# The Boys



## janine (Aug 8, 2009)

How can you not love ALL those boys!!! Great pictures.


----------



## rhondas (Sep 10, 2010)

Wonderful pictures! All four boys are adorable.
The last picture is priceless.


----------



## Debles (Sep 6, 2007)

They have Gunner's brother Kinser but he was being a tad anti social last night and stayed on the deck. I think he was jealous my boys were playing in HIS yard with HIS boys!


----------



## Laurie (Sep 20, 2009)

Those are great pics!! I like the one of Gunner and Sasha "arguing" over the orange ball and the one of Gunner with the orange ball...he looks so proud that he got the prize!!!


----------



## Wendy427 (Apr 4, 2009)

These pictures are absolutely PRICELESS!!! Your grandkids are sooo adorable. And that red hair! WOW Looks like they all, dogs and kids alike, had a blast in the backyard.


----------



## Debles (Sep 6, 2007)

Colin will be 5 in July and Garrett is 2 and a half.


----------



## Oaklys Dad (Dec 28, 2005)

Love the super happy faces. I don't know who had more fun, the human boys or the canine boys.


----------



## Debles (Sep 6, 2007)

None of them wanted to stop but I was concerned for Gunnie.. he is not used to THAT much running (even though he retrieves often) and was scared he'd over do! So we made them stop for the humans to eat dinner. Gunner panted the rest of the eve!


----------



## coppers-mom (Jan 9, 2009)

It sure sounds like a whole lot of fun and definitely a lot of energy expended.
Cute, cute, cute boys.


----------



## Adriennelane (Feb 13, 2008)

That last photo is soooo sweet. It looks all four had a great time.


----------



## Montana's Mommy (Mar 10, 2009)

Priceless!!!!!


----------



## hotel4dogs (Sep 29, 2008)

ALL the boys are adorable!


----------



## Bob Dylan (Mar 31, 2009)

WOW, it looks like everyone had a good time and I agree with Montana's Mommy.
PRICELESS!!!! 
Thanks for the pictures.


----------



## Our3dogs (Apr 3, 2008)

I agree, the last one is the best!


----------



## Dallas Gold (Dec 22, 2007)

You have the most adorable grandchildren--love those cute faces and smiles. As for your dogs--wow! Sasha is so big! I especially love the photo of Gunner jumping and playing with Sasha! They are both very handsome boys too!


----------



## tessalover (Nov 29, 2009)

To cute. Looks like they all had fun!


----------



## Mandie (Feb 16, 2011)

Really enjoyed these, thank you for sharing


----------



## EvilNessCroft (Feb 17, 2009)

How fun! Lovely pictures!


----------



## Finn's Fan (Dec 22, 2007)

Cute, cute, cute! Are you down in Denver with the grands?


----------



## AlanK (Jun 28, 2008)

Oh Deb....those pictures put a big Ol smile on my face...you have great guys and some!


----------



## RENEESDOG (Feb 8, 2009)

Those pictures are priceless! Life is good


----------



## 2golddogs (Oct 19, 2009)

Beautiful pictures!! Your grandsons are absolutely adorable and your 4 legged boys are so handsome. Love Sasha's beautiful smile and Gunner was playing like a pup himself! What a wonderful evening.


----------



## FinnTastic (Apr 20, 2009)

The last picture is very much frame worthy and would look lovely in black and white.


----------



## Ljilly28 (Jan 22, 2008)

Boys and goldens- so timeless and perfect.


----------



## Debles (Sep 6, 2007)

Finn's Fan said:


> Cute, cute, cute! Are you down in Denver with the grands?

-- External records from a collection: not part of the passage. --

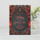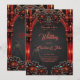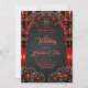 Majestisk torn med mörk blommor. Röda blommor och mörk symboliserar en förening av ljus och mörker, fullt av intensitet och skönhet, som perfekt fångar det unika i ett gotiskt bröllop.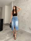 Modelin Ölçüleri: Boy: 1.77 Göğüs: 80 Bel: 65 Kalça: 88 ; Mankenin üzerindeki ürün S/36 bedendir. ; %98 koton %2 elestan ; Boyu: 70 cm ,Yırtmaç uzunluğu 25 cm dir. ; Yıkamada ürünü bozmamak için 30 C'yi aşmayınız. ; Giysileri kuruturken direkt güneş ışığına maruz bırakmayınız. ; Ürünü yıkarken yıkama talimatına uygun olarak yıkayınız. ; Renkli ürünlerde uygun deterjan kullanınız. ; Stüdyo Çekimlerinde Renkler Işık Farklılığından Dolayı Değişiklik Gösterebilir. ;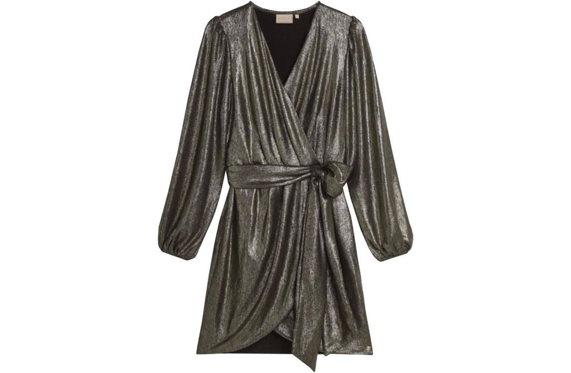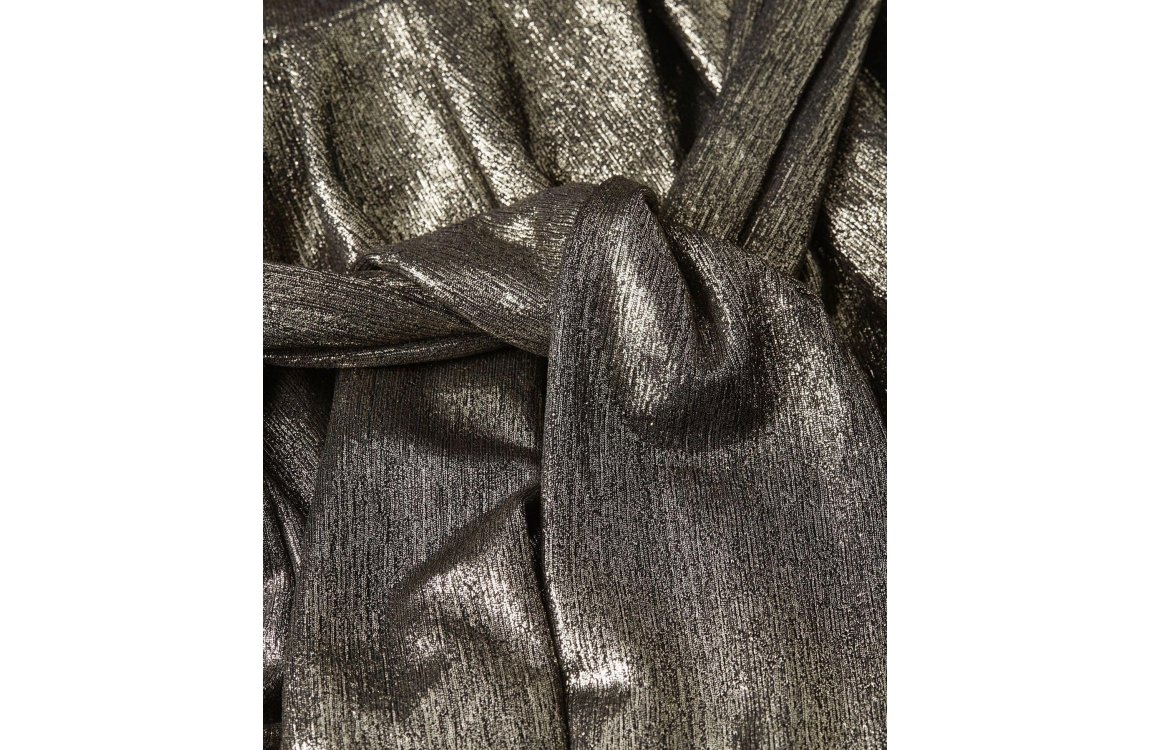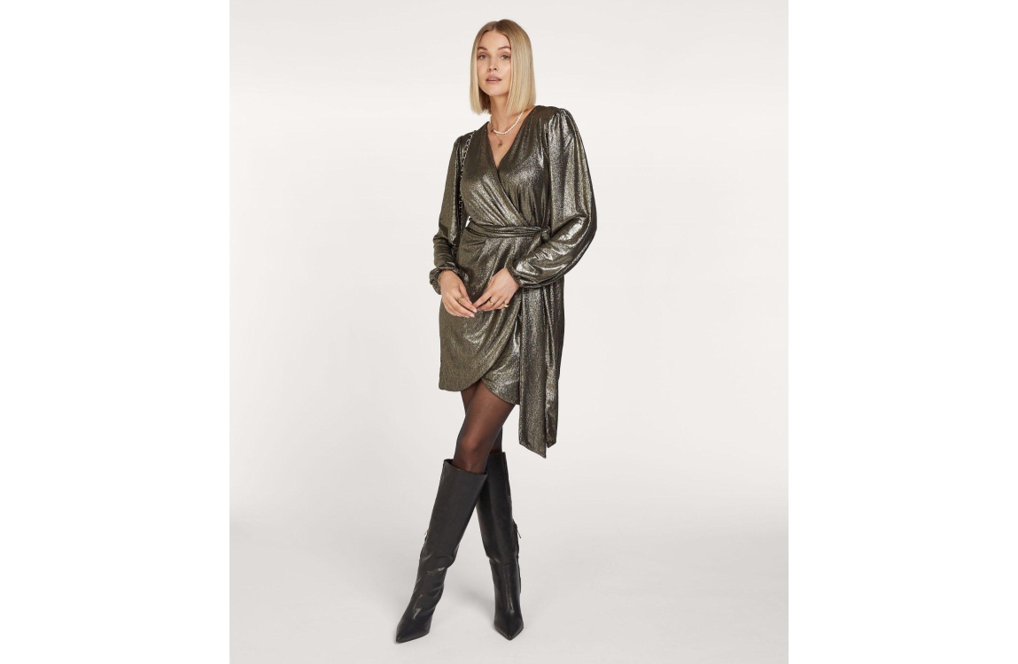 Josh V jurk Isabeau JV-2410-1401. Dit regular fit model heeft een V-hals en lange mouwen. Deze goudkleurige jurk van Josh V sluit door middel van een strikceintuur met ceintuurlussen en is all-over bewerkt met glitterdraden.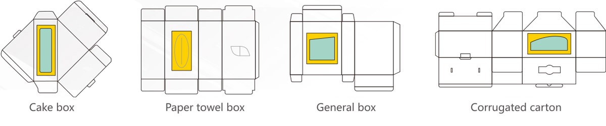 ●Intemittent Length Sitting: Suitable patching for the universal window, and also patching for the napkin box incision. For double asymmetric windows in one sheet, that can be customized according to customer requirements.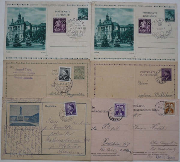 partie 7 celistvostí, mj. 2x ohlašovací lístek úřadu práce; různý stav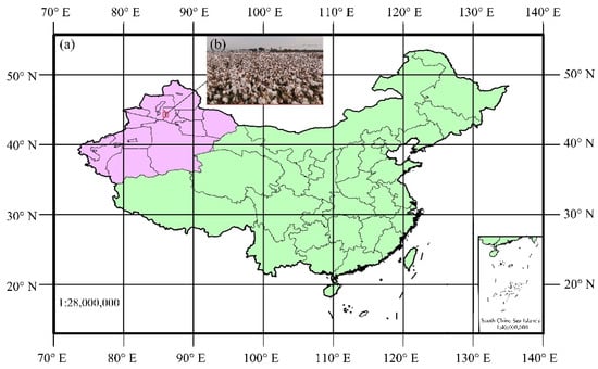 The situation of the experiment filed. (a) the specific geographical location of the experimental field, in which is 88.99° E, 44.31° N; (b) Experimental cotton field.

Molly: they are my grandsons who live in Omaha. : )
We have six grandsons all together.


----------



## mkkuch (Dec 13, 2010)

Great pictures. What handsome Grandsons you have. Looks like everyone had a great time.


----------



## BeauShel (May 20, 2007)

All your boys are gorgeous. I cant believe that Sasha has gotten as big as he has. Love that last picture. And love how him and Gunner are playing so well together.


----------



## cprcheetah (Apr 26, 2009)

Cute pictures, looks like they had a blast.


----------



## Claire's Friend (Feb 26, 2007)

Gunner got air !!!!


----------



## LibertyME (Jan 6, 2007)

Deb these are such special pictures...the last one makes me all misty....just beautiful... I cant believe Garrett is 2-1/2! Just yesterday, I remember you posting his newborn pictures...


----------



## magiclover (Apr 22, 2008)

Looks like a wonderful time was had by all. Your grandsons are just adorable!


----------



## Debles (Sep 6, 2007)

I know Mary!! Time seems to fly faster with grandkids than it did with my own! I can't believe Colin will be in Kindergarten next fall!


----------



## CAROLINA MOM (May 12, 2009)

The pictures of your boys are PRICELESS, the last one is my favorite. Your grandsons are so cute, they're just adorable. 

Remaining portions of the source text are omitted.